Esriel Hildesheimer. JÖ¼dische Selbstverwaltung unter dem NS-Regime: Der Existenzkampf der Reichsvertretung und Reichsvereinigung der Juden in Deutschland. TÖ¼bingen: Mohr Siebeck, 1994. 258 pp. DM 158,00 (cloth), ISBN 978-3-16-745103-8.
Reviewed by Francis R. Nicosia (St. Michael's College)
Published on H-German (October, 1995)
Esriel Hildesheimer's book is the first comprehensive study of the only official, central, representative bodies in German Jewish history. It considers the history of the Reichsvertretung der deutschen Juden (after 1935, the Reichsvertretung der Juden in Deutschland) from 1933 to 1939, and of its successor, the Reichsvereinigung der Juden in Deutschland between 1939 and 1943. As such, it is an enormously valuable addition to what has always been a decidedly eclectic literature on German-Jewish history during the Third Reich. The book is more than merely a history of the two organizations; it also serves as a useful history of the Jewish community in Germany during the Third Reich, something that no single volume, perhaps with the exception of Wolfgang Benz's edited collection Die Juden in Deutschland 1933-1945: Leben under nationalsozialistischer Herrschaft (1989), has attempted to date.
That scholars have shied away from writing a comprehensive history of German Jewry during the Third Reich is not surprising. The archives of the various German Jewish organizations suffered mixed fates between the Kristallnacht pogrom in November 1938 and the end of World War II, leaving the documentary evidence scattered and uneven. Much was destroyed, either by Jewish organizations themselves, by the police, or as a result of allied bombing. A considerable amount was captured by the Red Army and shipped off to Moscow, to be found and examined there or in the former DDR only fairly recently. The records that did survive reveal a strict Ueberwachung by the police, a reality that often compromised their reliability. Moreover, police records rather than the records of the Jewish organizations themselves have had to be used as documentary sources on Jewish life in Germany after 1933. These records, although valuable, are not without their own methodological problems.
While only scattered remnants of the archives of the Zionistische Vereinigung fuer Deutschland have been found in Germany, Israel, the former Soviet Union and the United States, a considerable amount of material from the largest Jewish political organization in Germany, the Central-Verein deutscher Staatsbuerger juedischen Glaubens, has recently been uncovered at the "Special Archives" (Osobyi) in Moscow.

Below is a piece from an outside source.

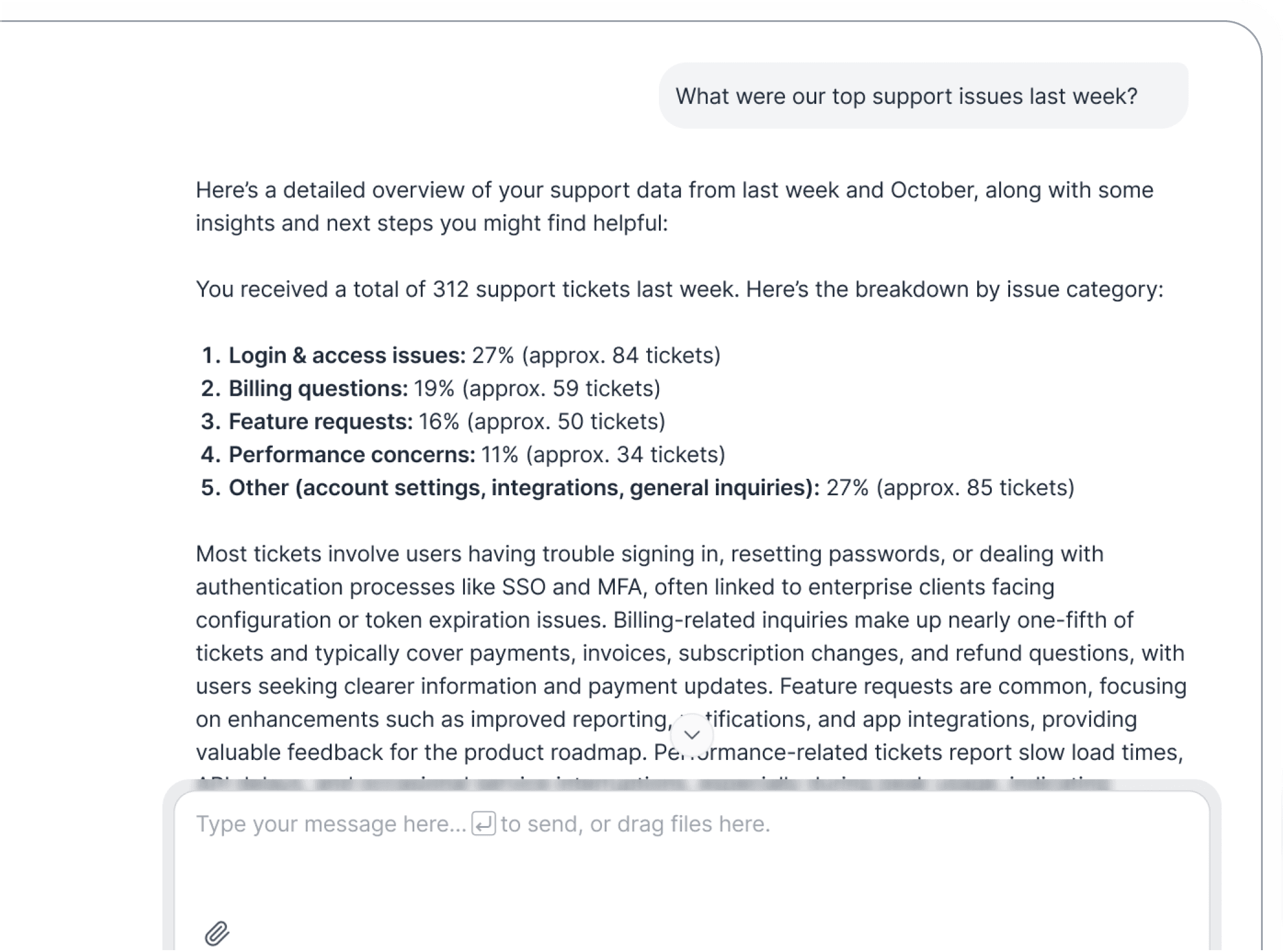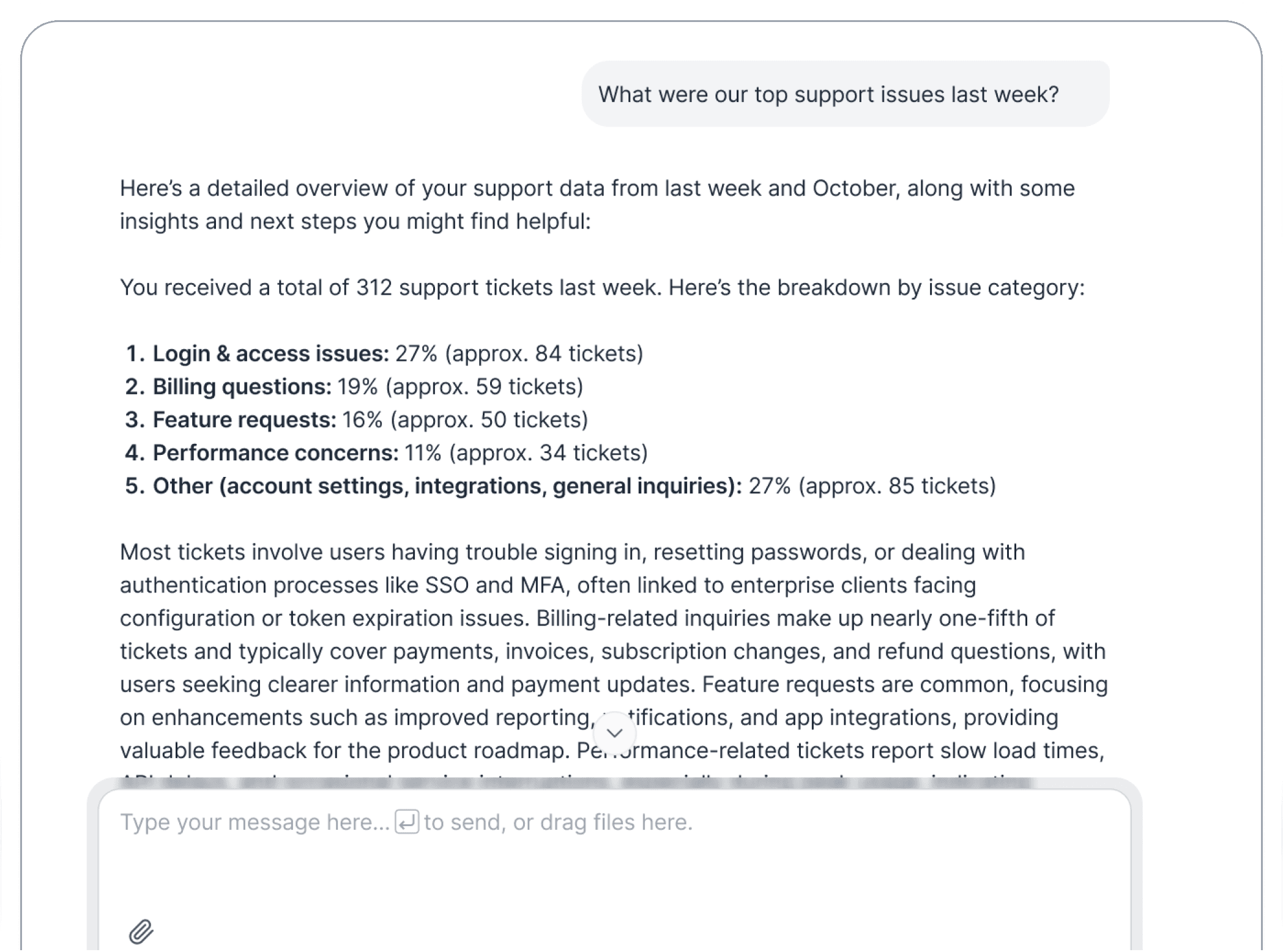 An AI chat interface trained on your company’s data, history, and documents.

Differences such as this have also been characteristic of the Reichsvertretung and the Reichsvereinigung. Although Esriel Hildesheimer does an outstanding job of recreating the histories of both organizations and, through them, the tragic fate of German Jewry under National Socialism, his treatment of the two is understandably uneven. The records of the Reichsvertretung were largely destroyed, with thinly scattered remnants surviving in Israeli, Russian and German archives, and in some Jewish archives in the United States. On the other hand, a significant portion of the records of the Reichsvereinigung did survive at what was the Zentrales Staatsarchiv of the former German Democratic Republic in Potsdam, now a branch of the Bundesarchiv.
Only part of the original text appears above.